The information on this page is general guidance and may be operationalized differently to fit the needs of each ambulatory service and facility. Guiding principles that should be followed in the ambulatory setting:

  • Universal Masking of patients, visitors, and associates is required
  • Physical distancing in all clinic/waiting areas (in addition to masking) must be prioritized
  • Hand hygiene and cleaning/disinfection procedures must be followed
  • Symptom screening of patients, visitors, and associates should occur upon arrival and prior to scheduled visits
  • Personal protective equipment (PPE): N95 respirators are not required for patient care in the ambulatory setting except while performing an aerosol-generating procedure (AGPs)
    • Initiating the performance of AGPs in the ambulatory setting should be planned in partnership with Infection Prevention/Infectious Disease.

Schedule Coordination

Physical Distancing

Adjust schedules to accommodate adequate time for patient visits, to ensure appropriate physical distancing in waiting and clinical areas, and to allow time for cleaning. Onsite leadership will identify strategies to implement and achieve appropriate physical distancing according to the physical layout and clinical care provided at each ambulatory location. Some strategies to consider include:

  • Expand scheduled time blocks.
  • Avoid double-booking patients for in-person visits in a single appointment slot.
  • Determine scheduling details, including handling of late patients, at the discretion of each provider in partnership with the site lead(s). Allowances should be made as able, given the special circumstances that may present challenges to patients.

Before a Patient Visit

Scheduling

During scheduling, patients will be asked about a recent diagnosis of COVID-19 for themselves or household contacts and about COVID-19 symptoms. Scripts have been prepared to provide guidance and will be updated each time a CDC update occurs.

Reminders to Give Patients

During scheduling, staff should remind patients of the following current MedStar Health practices:

Scheduling Visits in Patients with Likelihood of Active COVID-19

Likelihood of active COVID-19 includes current COVID-19 symptoms, living with someone with a recent COVID-19 diagnosis, or testing positive in the last 10 days).

Telehealth visits should be prioritized whenever clinically feasible and appropriate (video visits or MedStar e-Visits)

Recommendations for in-person visit scheduling:

  • Patients with COVID-19 diagnosis/symptoms:
    • COVID-19+:
      • Asymptomatic for at least 3 days and at least 10 days after symptom onset may be scheduled as per routine.
        • For patients returning for care to locations with immunosuppressed populations (i.e. infusion centers, transplant clinics), consider prioritizing telehealth visits for 30 days after COVID diagnosis. If this is not clinically feasible, patient scheduling should be considered by the provider on a case-by-case basis with Infectious Disease/Infection Prevention.
    • COVID-19 symptoms:
      • Specialty clinic providers, non-primary care clinic providers, and providers at ambulatory care centers should prioritize a video visit or consider rescheduling appointment if possible until patient is asymptomatic for at least 3 days and at least 10 days past a positive COVID-19 test. Recommend the patient contact MedStar e-Visit or be seen at MedStar Urgent Care or their primary care doctor for evaluation if not previously evaluated or if patient reports worsened symptoms
      • Primary care clinics may consider delaying appointments as above or schedule COVID+ or PUI for telehealth or in-person visits, as per clinic leadership and providers
  • Asymptomatic patient with COVID+ household contact:
    • As per clinic leadership and provider, consider using telehealth or delaying appointment for 2 weeks from the date of the household contact’s positive test if possible.
Pre-Appointment Contact

As per clinic leadership, clinic administrative staff may also contact patients again prior to a scheduled appointment to remind patients of current policies or re-screen for recent diagnosis or symptoms.
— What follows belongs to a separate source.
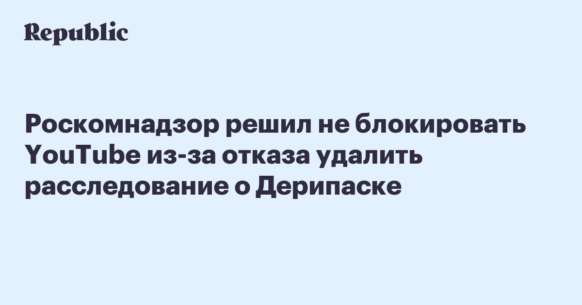 Роскомнадзор решил не блокировать YouTube из-за отказа удалить расследование о Дерипаске

If patient has a new diagnosis of COVID-19 or has new COVID-19 symptoms, refer to recommendations above.

Testing

Visit the Pre-Operative Testing Page for all information and resources related to pre-op testing.

Effective Tuesday, June 30, at 5PM, the testing tents in Brandywine, Federal Hill and Bethesda will close permanently. Instead pre-operative testing will be available at select hospital-based locations. Reference Pre-Op Covid-19 Testing Hospital, Primary Care, Urgent Care Locations for a full list of testing locations and Pre-Op Testing Locations for Rapid Turnaround (less than 72 hours).

Pre-procedural testing should be completed 72 – 96 hours prior to the procedure. Calculate 72 – 96 hours from the time of the courier pickup to the surgery time. When counting days, count Day 1 as the day of the test, and Day 5 as the day of the surgical procedure.

Refer to the MMG Labcorp COVID Testing Algorithm for detailed guidance on when and where to order pre-procedural testing.

If a test must be completed less than 72 hrs prior to surgery, you must refer patients to these rapid turnaround locations ONLY. For urgent testing, calculate 48 – 72 hours from the time of the courier pickup to the surgery time.

Refer to the Pre-Operative Testing Timeline or click the image below for full details on when to order testing depending on the day of surgery:

Pre-Operative Testing Timeline. Click the image for more information.

All patients are educated about self-quarantining at the time of testing, and are responsible for self-quarantining between the time of the test and when they arrive for surgery. However, findings indicate that MedStar Health has had no conversions to COVID-19 positive status for patients who could not or did not quarantine. Therefore, effective July 10, 2020 the updated pre-operative COVID-19 testing protocol no longer includes the second test requirement or the need to cancel elective surgeries for patients who could not or did not quarantine. Reference this Updated! Pre-Operative COVID-19 Testing Protocol memo for more information.

MMG and Urgent Care: Nasal Self Swab Specimen Guidance

Onsite Clinic Operating Principles

Physical Distancing

Each facility should arrange waiting areas and clinic spaces to accommodate physical distancing. Please note that strategies to achieve physical distancing may vary between clinics and facilities. Guidance is being developed by the MedStar Health Real Estate services and will be posted on this page once available.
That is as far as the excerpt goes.